Suddenly I might have a year ahead of me. It’s an odd feeling. At the end of November last year it seemed fairly certain that 2018 would be filled with major surgery, postponed till January to have a family Christmas, hoping things didn’t get too much worse in the meantime.

Things got better. Not perfect – I still can’t stand or walk for long, though that should change. But having 2018 (probably, with care) stretch in front of me again is wonderful.

As was Christmas. Maybe every year we should celebrate as if it might be our last. Every day, too, which may mean that the past year has taught me a few things. (No 1: Always get a second medical opinion at the first suspicion things may not be right.)

I’m revising all the work I did in the last six months, thinking I can’t believe I wrote that. (Second discovery: Brains do not function well with an average of C2.5 of fever) and pulling it all the books shape again.

All the excitement of the year ahead is still tumbling around: the next Miss Lily book, and Barney and the Secret of the French Spies, another insight into the history that for a long time seems to have been lost, or deliberately hidden, including Napoleon’s invasion of New South Wales. (That one is not a secret. His fleet didn’t manage to get here after the British blockaded it at Mauritius. Invasions that don’t happen usually don’t make it into the history books.)

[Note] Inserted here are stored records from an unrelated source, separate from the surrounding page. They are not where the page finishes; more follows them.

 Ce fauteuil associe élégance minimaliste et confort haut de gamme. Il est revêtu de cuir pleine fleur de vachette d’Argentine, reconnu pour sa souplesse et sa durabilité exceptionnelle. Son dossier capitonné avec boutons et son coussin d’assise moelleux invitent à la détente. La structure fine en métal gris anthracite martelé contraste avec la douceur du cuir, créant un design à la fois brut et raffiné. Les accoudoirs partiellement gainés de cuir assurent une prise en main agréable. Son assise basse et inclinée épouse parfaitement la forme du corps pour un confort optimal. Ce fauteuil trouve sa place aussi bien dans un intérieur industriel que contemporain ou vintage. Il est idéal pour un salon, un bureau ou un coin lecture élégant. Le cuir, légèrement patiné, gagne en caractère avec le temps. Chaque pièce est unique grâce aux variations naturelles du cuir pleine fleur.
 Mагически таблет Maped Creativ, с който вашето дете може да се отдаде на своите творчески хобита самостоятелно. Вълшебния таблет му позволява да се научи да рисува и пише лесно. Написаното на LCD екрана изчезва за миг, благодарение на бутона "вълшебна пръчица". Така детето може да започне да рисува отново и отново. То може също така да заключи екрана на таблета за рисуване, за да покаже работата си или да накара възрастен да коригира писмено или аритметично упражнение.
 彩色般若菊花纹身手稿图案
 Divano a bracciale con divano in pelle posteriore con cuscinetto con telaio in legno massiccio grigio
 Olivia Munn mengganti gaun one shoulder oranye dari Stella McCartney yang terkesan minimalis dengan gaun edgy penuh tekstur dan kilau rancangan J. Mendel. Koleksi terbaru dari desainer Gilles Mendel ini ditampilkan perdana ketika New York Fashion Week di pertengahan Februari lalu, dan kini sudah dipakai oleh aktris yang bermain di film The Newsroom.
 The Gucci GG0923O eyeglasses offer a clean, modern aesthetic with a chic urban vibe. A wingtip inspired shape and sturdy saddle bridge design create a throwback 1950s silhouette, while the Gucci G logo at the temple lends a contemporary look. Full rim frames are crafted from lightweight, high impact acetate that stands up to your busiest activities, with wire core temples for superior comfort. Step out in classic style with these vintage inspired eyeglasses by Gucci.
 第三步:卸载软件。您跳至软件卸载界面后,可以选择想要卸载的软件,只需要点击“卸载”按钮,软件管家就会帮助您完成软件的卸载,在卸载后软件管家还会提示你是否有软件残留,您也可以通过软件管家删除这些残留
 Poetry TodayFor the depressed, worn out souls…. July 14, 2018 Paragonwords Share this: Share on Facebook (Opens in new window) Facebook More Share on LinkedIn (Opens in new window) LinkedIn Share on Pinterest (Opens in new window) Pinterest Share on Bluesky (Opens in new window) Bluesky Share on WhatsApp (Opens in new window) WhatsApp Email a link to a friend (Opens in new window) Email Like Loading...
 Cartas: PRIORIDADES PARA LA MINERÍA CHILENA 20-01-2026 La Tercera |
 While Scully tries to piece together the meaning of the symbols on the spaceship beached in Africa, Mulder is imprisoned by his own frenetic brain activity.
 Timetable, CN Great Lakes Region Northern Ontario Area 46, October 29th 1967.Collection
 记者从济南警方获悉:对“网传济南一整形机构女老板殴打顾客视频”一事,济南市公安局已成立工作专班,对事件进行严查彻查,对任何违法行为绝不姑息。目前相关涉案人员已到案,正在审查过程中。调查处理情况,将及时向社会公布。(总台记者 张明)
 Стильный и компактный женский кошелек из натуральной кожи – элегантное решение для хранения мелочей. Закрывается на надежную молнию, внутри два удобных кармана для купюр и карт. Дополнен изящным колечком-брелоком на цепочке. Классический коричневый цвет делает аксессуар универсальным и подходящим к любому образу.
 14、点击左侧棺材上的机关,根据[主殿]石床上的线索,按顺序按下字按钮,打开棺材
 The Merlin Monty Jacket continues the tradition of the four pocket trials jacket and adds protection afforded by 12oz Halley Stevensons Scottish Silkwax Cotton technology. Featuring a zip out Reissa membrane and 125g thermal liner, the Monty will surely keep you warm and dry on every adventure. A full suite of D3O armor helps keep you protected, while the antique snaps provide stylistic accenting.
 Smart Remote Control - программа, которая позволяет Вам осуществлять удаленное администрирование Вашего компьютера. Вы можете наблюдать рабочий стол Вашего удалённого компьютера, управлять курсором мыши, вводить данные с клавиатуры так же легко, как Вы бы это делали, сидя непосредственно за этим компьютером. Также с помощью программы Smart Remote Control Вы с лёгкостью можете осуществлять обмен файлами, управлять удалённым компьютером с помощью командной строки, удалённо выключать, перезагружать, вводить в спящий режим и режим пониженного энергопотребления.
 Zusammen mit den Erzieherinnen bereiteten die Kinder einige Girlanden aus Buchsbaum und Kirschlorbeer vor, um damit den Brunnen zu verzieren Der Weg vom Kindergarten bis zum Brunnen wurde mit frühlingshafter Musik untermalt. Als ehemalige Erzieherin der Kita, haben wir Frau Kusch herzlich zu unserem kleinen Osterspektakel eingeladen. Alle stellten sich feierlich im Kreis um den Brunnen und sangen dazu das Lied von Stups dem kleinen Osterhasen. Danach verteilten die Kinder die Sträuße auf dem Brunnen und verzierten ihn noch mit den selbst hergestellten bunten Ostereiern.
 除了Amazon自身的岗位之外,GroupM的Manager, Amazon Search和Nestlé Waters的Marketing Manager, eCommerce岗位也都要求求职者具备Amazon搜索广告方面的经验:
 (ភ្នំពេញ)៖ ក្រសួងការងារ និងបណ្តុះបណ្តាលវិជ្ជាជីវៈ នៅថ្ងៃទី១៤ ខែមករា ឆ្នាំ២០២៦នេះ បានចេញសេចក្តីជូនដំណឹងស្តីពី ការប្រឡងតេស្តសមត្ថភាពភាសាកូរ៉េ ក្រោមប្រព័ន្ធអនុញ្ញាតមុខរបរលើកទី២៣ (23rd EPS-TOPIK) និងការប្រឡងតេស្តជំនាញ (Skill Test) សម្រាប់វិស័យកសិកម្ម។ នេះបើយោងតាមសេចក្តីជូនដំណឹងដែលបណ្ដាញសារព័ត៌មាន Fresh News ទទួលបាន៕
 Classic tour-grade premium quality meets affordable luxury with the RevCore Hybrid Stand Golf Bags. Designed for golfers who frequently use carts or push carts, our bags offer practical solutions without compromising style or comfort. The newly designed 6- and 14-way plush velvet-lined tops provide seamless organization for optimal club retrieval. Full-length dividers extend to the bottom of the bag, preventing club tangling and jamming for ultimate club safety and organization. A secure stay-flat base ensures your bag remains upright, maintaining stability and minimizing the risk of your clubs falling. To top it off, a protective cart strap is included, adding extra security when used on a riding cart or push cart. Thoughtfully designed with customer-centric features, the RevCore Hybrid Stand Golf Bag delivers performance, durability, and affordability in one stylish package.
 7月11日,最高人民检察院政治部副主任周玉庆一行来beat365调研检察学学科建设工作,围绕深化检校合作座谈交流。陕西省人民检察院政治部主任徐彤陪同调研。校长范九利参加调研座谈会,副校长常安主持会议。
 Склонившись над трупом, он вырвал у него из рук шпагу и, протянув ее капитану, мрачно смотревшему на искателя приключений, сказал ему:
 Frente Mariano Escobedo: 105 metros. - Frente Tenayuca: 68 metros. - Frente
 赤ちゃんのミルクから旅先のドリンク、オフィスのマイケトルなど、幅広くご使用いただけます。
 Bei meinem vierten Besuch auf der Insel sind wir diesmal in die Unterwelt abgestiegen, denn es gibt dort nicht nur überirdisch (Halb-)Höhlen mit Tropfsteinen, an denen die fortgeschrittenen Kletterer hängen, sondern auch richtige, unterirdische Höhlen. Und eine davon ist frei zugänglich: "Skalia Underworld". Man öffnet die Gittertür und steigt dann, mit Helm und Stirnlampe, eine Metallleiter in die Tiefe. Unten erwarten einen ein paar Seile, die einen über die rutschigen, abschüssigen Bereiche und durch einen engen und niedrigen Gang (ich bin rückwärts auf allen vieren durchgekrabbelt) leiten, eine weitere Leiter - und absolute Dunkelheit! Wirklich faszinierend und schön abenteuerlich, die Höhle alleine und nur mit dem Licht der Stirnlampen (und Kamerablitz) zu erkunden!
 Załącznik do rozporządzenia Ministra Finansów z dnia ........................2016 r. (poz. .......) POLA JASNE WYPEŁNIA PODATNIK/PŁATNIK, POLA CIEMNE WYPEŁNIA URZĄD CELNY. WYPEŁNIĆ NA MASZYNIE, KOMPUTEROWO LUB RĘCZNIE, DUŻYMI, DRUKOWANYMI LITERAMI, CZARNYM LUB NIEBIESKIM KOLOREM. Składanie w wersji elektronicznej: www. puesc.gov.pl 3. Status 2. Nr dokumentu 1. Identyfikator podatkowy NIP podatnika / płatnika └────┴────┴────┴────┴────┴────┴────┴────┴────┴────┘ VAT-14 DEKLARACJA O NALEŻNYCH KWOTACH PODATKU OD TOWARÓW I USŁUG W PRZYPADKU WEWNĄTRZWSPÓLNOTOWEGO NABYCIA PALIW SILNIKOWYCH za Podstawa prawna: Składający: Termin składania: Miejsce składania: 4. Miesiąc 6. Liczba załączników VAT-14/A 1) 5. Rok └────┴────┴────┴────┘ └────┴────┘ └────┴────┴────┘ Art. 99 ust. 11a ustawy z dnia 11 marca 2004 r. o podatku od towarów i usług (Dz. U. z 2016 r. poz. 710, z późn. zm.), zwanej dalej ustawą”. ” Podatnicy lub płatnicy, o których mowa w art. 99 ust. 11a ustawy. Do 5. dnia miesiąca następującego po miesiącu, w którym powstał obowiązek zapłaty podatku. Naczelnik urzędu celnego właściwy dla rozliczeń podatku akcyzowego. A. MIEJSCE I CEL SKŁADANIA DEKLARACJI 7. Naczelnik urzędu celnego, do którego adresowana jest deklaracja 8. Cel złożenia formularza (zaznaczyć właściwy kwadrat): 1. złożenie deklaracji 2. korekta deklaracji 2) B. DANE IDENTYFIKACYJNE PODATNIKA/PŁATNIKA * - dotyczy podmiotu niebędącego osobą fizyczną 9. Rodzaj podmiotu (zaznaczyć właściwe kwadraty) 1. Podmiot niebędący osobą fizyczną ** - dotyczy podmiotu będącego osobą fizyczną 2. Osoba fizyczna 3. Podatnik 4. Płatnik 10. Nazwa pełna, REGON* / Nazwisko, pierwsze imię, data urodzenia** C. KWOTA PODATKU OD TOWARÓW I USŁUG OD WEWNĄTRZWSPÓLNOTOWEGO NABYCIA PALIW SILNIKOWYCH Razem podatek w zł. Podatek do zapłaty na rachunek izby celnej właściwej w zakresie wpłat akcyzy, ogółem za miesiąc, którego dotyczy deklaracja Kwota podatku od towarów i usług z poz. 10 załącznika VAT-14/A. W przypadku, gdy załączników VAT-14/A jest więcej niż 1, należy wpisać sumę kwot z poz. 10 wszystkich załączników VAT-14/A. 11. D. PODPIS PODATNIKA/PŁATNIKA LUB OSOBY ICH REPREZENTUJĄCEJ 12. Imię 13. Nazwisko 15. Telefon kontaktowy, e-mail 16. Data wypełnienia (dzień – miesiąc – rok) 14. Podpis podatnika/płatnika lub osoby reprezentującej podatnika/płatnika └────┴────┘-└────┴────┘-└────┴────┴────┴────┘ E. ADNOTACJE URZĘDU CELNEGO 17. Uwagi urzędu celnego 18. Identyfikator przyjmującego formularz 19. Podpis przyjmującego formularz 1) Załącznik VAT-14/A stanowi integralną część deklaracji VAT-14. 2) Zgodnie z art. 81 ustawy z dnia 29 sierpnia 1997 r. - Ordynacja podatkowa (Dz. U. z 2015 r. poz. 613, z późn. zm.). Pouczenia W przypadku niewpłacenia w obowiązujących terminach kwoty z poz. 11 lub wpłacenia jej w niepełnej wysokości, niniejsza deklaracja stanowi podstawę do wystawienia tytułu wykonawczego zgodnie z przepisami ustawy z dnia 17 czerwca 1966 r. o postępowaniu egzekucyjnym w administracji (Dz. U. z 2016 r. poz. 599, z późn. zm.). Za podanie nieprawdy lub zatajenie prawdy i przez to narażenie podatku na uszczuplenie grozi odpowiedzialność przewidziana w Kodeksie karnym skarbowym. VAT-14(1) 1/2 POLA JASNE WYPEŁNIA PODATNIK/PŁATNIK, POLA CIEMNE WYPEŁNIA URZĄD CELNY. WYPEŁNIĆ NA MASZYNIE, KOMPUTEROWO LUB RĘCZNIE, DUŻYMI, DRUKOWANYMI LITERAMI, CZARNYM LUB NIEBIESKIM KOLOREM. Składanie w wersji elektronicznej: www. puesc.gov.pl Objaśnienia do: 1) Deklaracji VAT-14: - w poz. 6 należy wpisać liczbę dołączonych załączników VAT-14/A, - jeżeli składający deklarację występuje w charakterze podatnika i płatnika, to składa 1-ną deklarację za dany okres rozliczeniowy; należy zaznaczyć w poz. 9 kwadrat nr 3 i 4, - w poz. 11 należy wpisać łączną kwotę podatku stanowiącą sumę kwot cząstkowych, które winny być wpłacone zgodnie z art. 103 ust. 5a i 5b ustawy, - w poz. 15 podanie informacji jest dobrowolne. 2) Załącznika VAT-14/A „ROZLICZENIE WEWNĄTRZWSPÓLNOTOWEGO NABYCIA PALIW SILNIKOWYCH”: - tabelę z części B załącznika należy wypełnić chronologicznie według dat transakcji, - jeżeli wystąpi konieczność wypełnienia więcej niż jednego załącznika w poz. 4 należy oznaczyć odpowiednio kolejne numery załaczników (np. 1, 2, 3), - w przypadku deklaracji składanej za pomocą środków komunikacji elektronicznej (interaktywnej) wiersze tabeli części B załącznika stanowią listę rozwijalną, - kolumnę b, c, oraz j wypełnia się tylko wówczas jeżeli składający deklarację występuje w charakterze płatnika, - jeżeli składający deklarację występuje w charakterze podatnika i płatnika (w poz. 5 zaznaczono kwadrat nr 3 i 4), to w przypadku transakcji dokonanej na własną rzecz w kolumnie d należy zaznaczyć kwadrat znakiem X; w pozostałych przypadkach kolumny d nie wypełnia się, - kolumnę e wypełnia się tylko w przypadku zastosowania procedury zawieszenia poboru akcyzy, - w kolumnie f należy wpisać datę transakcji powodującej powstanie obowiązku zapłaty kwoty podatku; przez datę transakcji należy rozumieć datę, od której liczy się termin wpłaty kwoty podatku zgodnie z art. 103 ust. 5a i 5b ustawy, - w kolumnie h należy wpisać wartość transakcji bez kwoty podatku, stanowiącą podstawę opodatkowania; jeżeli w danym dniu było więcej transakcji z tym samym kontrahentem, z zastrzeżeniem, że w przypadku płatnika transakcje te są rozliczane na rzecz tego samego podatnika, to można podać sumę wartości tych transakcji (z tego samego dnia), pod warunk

There is also a book set in 71 AD as the Roman army demolished Jerusalem, and two Jewish sisters and an escaped Roman slave hear the stories of seventy years earlier and a girl called Mariam in the town of Nazareth: Just a Girl

And in the meantime some lovely letters from 1809-1820 that suddenly turned everything I thought I knew about the colony then inside out, with a swashbuckling book beginning to emerge from them. I have never swashed and rarely buckled before but am beginning to really enjoy this.

We never knew …

Wombat and other news

The wombats behaved beautifully all holidays which is deeply unwombat like.

They came out each night before the kids went to bed, stayed grazing so they could be admired, didn’t run when a small boy yelled, ‘Batbat!’ whenever they appeared and didn’t bite anyone.

And as soon as the family left they vanished, feeling they had done their good work for the year. It’s not coincidental that the heat waves arrived at the same time they left. They are still around – I see their droppings around the house and prints down by the creek and, if I wake at 2 am, can hear them munching.

But I don’t think they are coming out now till midnight or later when it cools down slightly. There is plenty of grass, so they are not forced out early by hunger or mange.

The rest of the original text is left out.